Utah had the quickest predicted student loan payoff time (8.14 years) while New Hampshire had the longest (14.40 years).

More from UB: Here’s your student loan cohort default rate update

Meanwhile, concerns is growing over the $37 billion in debt owed by graduate students—a problem “no one is talking about,” according to a new report by the Center for American Progress.
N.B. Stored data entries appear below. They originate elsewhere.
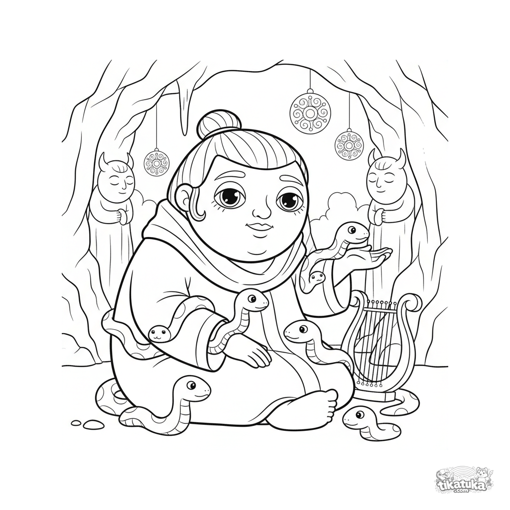 Página para colorear para niños 7-9: Un domador de serpientes en la guarida de Medusa Gorgona. Escena en estilo folklórico con arpa y serpientes tranquilas.
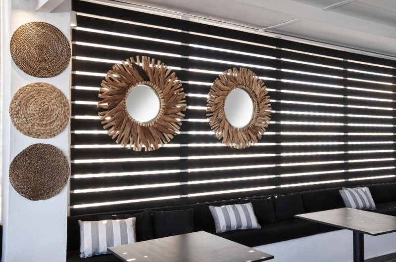 Mr And Mrs White Santori pune la dispoziția oaspeților un restaurant. Masa poate fi servită atât în interior, cît si în aer liber, pe terasă, în funcție de vreme. Oaspeţii pot avea diverse băuturi răcoritoare sau alcoolice la bar.
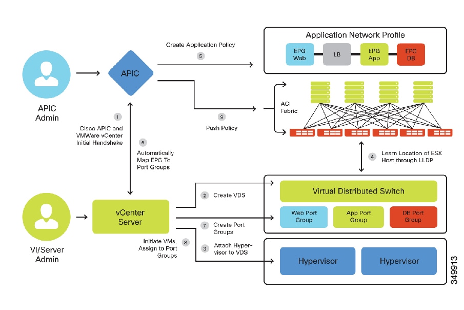 - 複数のテナント間で VMM ドメインを活用する必要がある場合は、1 つの VMM ドメインを作成して、VMware ESXi サーバが接続しているすべてのリーフ ポートに関連付けることができます。

That figure accounts for 40% of all debt owed by college students, the report found.

“There is growing evidence that the current debt system, which allows graduate students to borrow an essentially uncapped amount at rather expensive rates, is unsustainable for many borrowers,” the author of the report, Ben Miller, wrote.

Map by LendEDU

“These problems are different from the issues in undergraduate education, which include high default rates and worries that students with debt but without a degree are likely to struggle,” Miller wrote. “Rather, the problems with graduate student debt concern whether debt levels are manageable or likely to drag down borrowers for years, if not decades.”

Solutions suggested by the report include enacting price caps, judging programs on a debt-to-earnings rate, and tackling specific credentials by eliminating a year of law school or ensuring that credentials required for teaching or social work are affordable based on what graduates will make.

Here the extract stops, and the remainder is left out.